A video produced in Barro Colorado Island delves into a collaborative, BCI-based, NSF-funded research project called “Genes to ecology in tropical trees: how sharing resistance gene alleles affects pathogen transmission and growth”, which involves several STRI scientists.
Credit: Christian Ziegler and Victor Ammann

As part of their experiments, the researchers found that the pathogenic communities under individual Virola trees differed, and that sex influenced the composition of beneficial microbes. They also determined that many of these pathogens are “generalists” capable of causing disease in various plant species, not just on Virola, challenging an assumption of the Janzen-Connell hypothesis that host-specific pathogens are responsible for maintaining forest diversity.
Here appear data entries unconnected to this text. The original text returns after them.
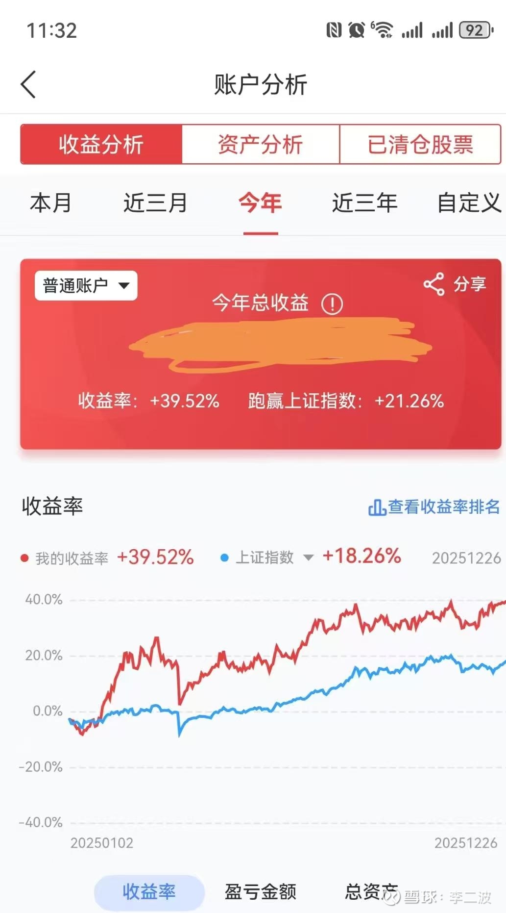 说完生活在聊下投资。25年截止今日收益率是39.5%。
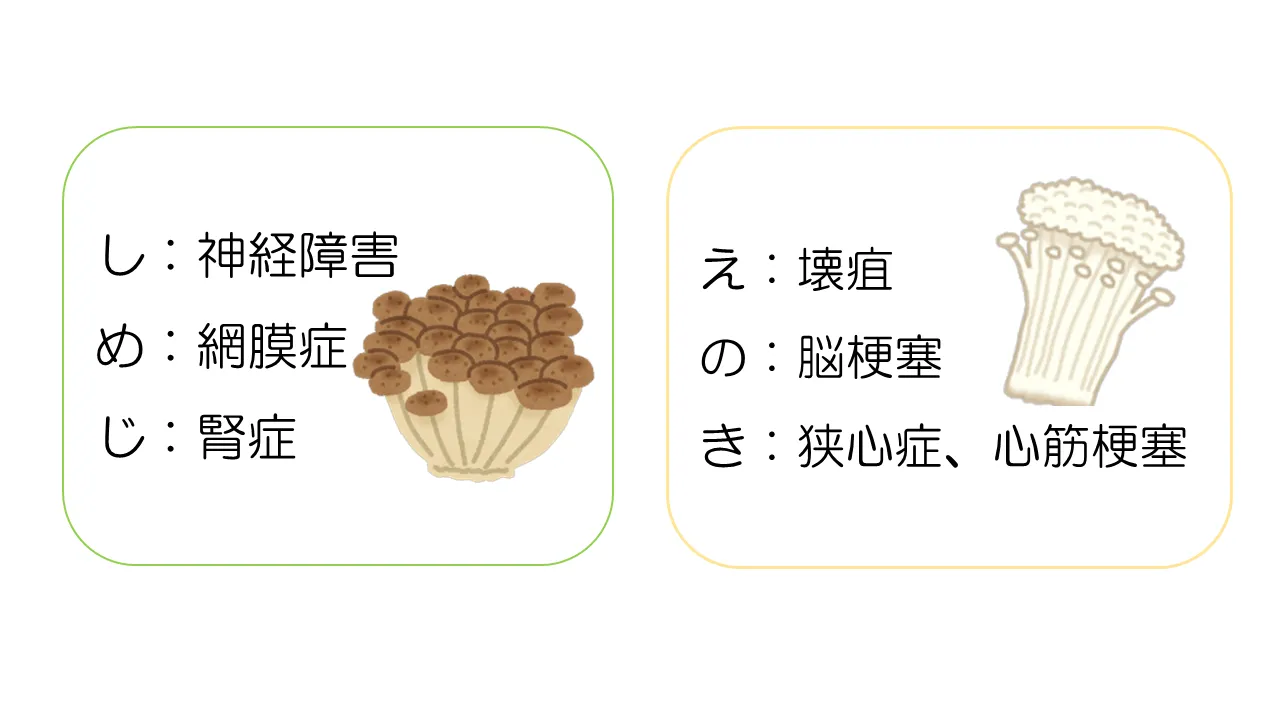 血糖値が慢性的に高い状態が続くと、体中の血管を徐々に傷つけ、神経、目、腎臓、心臓に深刻な合併症をもたらします。血糖値が改善しないと、以下の合併症を引き起こします。
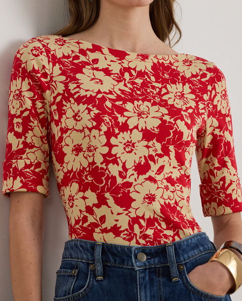 Crafted from breathable stretch cotton, this boatneck tee is enlivened by the season’s stylised red-and-tan floral print. An “LRL”-embroidered logo on the hem adds a subtle signature finish.
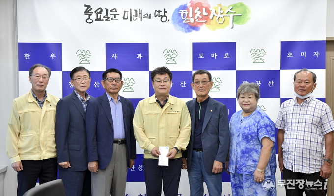 장수군 그라운드골프협회은 10일 집중호우로 인한 장수읍 개정제 붕괴 우려에 따라 한누리전당으로 대피한 주민들을 위해 써달라며 100만원을 장수군에 기탁했다.
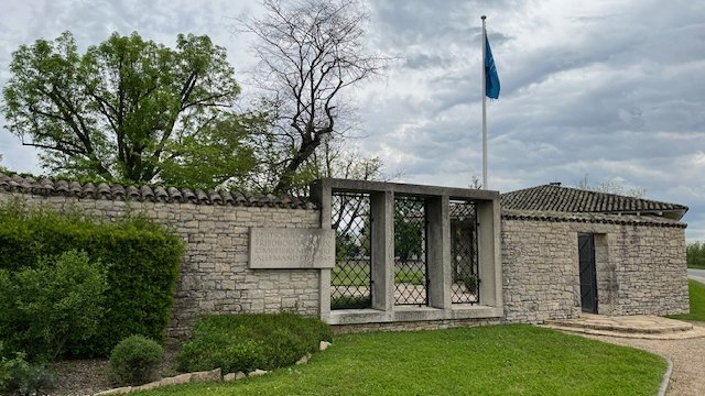Am 14. April 2024 begann unsere Reise von Sommerhausen in Franken in Richtung Lyon. Wir waren sehr gespannt darauf was uns erwartet. Am 15.4.2024 war es dann so weit, dass wir zum Soldatenfriedhof gefahren sind. Etwas aufgeregt und mulmig sind wir auf den Parkplatz gefahren und haben unser Auto abgestellt. Das Wetter meinte es gut mit uns, denn die Sonne schien prächtig. Mit einer gewissen Beklommenheit sind wir durch das Eingangstor gegangen und haben die vielen Grabsteine gesehen. Zunächst gingen wir in den Eingangsraum, um uns ein bisschen zu sammeln. Außerdem schauten wir nochmal in die ausgelegten Namenbücher, wo unser Opa stand.

Additionally, their findings revealed that a combination of genetic characteristics in the Virola seedlings and soil environmental conditions may significantly impact their likelihood of survival, hinting at the initial question of the NSF project: Do certain genes play a role in seedling susceptibility to forest pathogens?

Capador-Barreto emphasizes that these insights deepen our understanding of tropical forest dynamics and may shed light on the potential consequences of forest fragmentation. 

“What happens when forests are fragmented, and pollen cannot move freely, or where animals cannot move seeds from one place to the other?” he wonders in the video.

Ultimately, this study advances our understanding of tropical forests by revisiting and re-envisioning traditional ecological ideas about the survival of tree seedlings close to their parent trees and others of the same species through the lens of improved understanding of key pathogens and the genetics of host resistance.